The Unfinished Song: Taboo (33 page)

How many History
tama
could they exchange?
The New Moon Raid.
The Battle of Lark Creek.
The Burning of the Boats.
The Slaughter of Arrow’s Run.
The Seal Kin Killings.
The Drowning of Far Field.
The Winter Night Attack.
The Rape of River Cove.
They showed no signs of stopping. Every dance by one side provoked the other side to prove they were the true aggrieved party. Back and back it went, each raid a retaliation for the raid before it, with no end in sight and no pointing finger to identify who had truly started it all or when.

He saw something else in the Patterns of magic too, something he had never noticed before. The
tama
performed by each side followed the regulations for human magic, with the dancers moving in straight lines and rows. But the rival Tavaedi troops lost the patience to wait for the other side to finish before they began, so soon both sets of dancers were performing their separate
tama
on the same stage at the same time.

Taken together, the dance lost its crisp linear design. The Blue and Yellow lights woven by the Tavaedies appeared to churn and swirl, like butter stirred in milk. Their unified dance resembled a circle. Two beings, immensely old, unspeakably powerful, shimmered at the rim, shifting shapes with the turn of the seasons: first, the Golden Bear of Summer devoured the Blue Salmon, then the Giant Blue Shark preyed on the Yellow Seal.
An endless cycle, an unbroken circle, a faery dance….
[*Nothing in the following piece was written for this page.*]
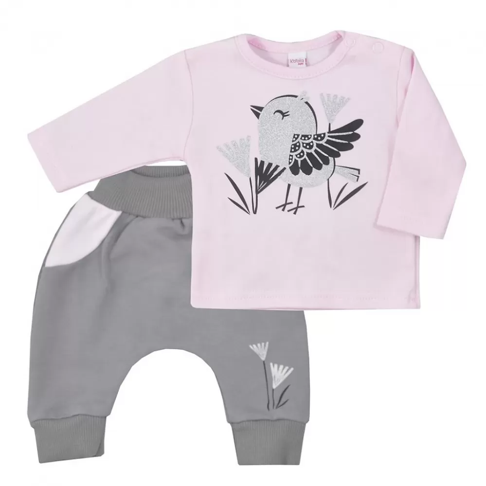 Koala Kojenecké bavlněné tepláčky a tričko Birdy šedé

“Nargano, I think I understand now,” Kavio said. “The Blue and Yellow Patterns only make sense when seen together. The circle traps us into a Pattern without change, without exit. We can’t keep wasting lives on raid and retaliation a thousand times around the same ring. We have to be smarter than that. Is that what you meant?”

“No, that’s not at all what I meant. All I see is Blue,” said Nargano. “That’s all I want to see.”
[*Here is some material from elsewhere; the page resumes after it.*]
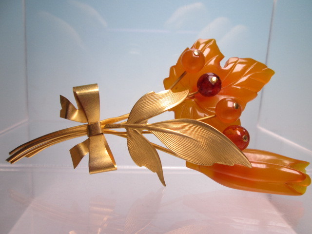 - ☆天然琥珀玉飾り花束の大振りな 10,5cm ブローチ 22g 未使用品

“But our peoples are trapped in a deadly circle,” said Kavio. “When I began the journey that led me to Yellow Bear, I encountered a journey omen, a snake. Then, on the Naming Day for the Year, another serpent omen was found, Snake Eating Its Tail. I did not understand what these
omens  portended
, but now I think I do. The snake that bites its tail is trapped in an eternity of pain. We can behead that snake and escape the circle.”

Nargano leaned forward. “
Kavio,
let me ask you just one question.”

Dindi
 

Dindi leaned close to Gwenika on the pretext of reaching past her for another oyster on a stone platter past piles of gourd rinds and lobster shells.

“Gwenika, are you mad? We can’t meet with the Shunned,” Dindi whispered. “Not here, of all places!”
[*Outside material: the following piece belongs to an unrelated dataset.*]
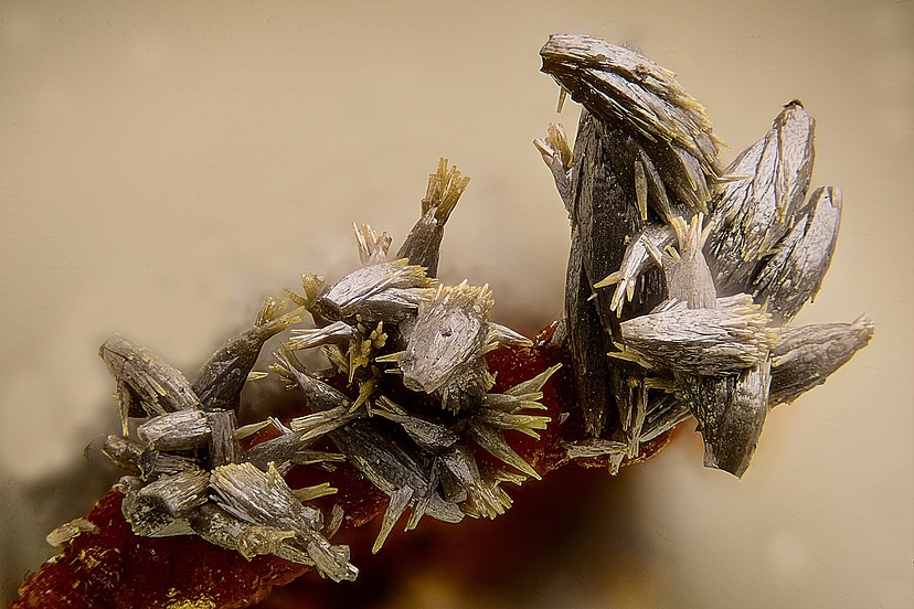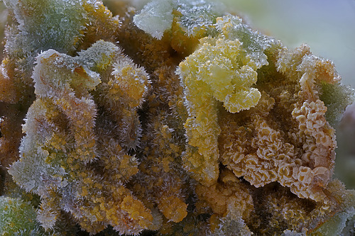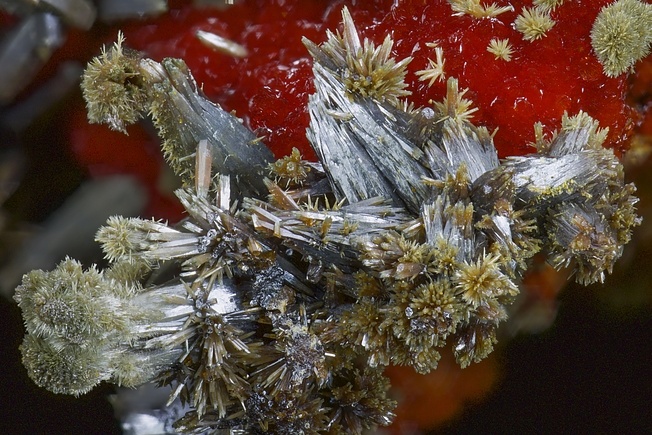 钒铅矿与磷钙铅矿共生,美丽得像海底的珊瑚。

“Dindi, don’t you see, this is exactly where we have to meet with them,” said Gwenika. “This is where we can make a change.”

“I don’t see how.”

“I can heal them,” Gwenika hissed back. “If I can show that they need not be diseased and misshapen, that they can be healed, then the Blue Waters tribesfolk will learn they don’t have to Shun their own sons and daughters.” She pushed away the detritus of leftover food in front of her on the eating mat, to clear her place. Loudly, she announced, “Mercy, I’ve eaten so much, I won’t be surprised if I spend the rest of the day at the piss pit!”

The words rang false, not to mention bordered on rude, but the rest of the feasters were too busy with their own debates and victuals that no one turned a head toward them.

Gwenika stood up. In the same loud, false voice, she commanded Dindi, “Come with me, slave. I’ve had much to drink and need a pair of hands to catch me in case I fall in.”

If the situation had not been so serious, Dindi would have rolled her eyes at Gwenika’s bad acting. However, she guessed her own face betrayed her nervousness, nor did her glances up and down the length of the eating mat help, but she couldn’t stop herself. She’d eaten too much, and of food that had been too salty, and now her stomach felt like an overloaded basket ready to spill. Swallowing hard on a bad taste, she trotted after Gwenika toward the salting racks.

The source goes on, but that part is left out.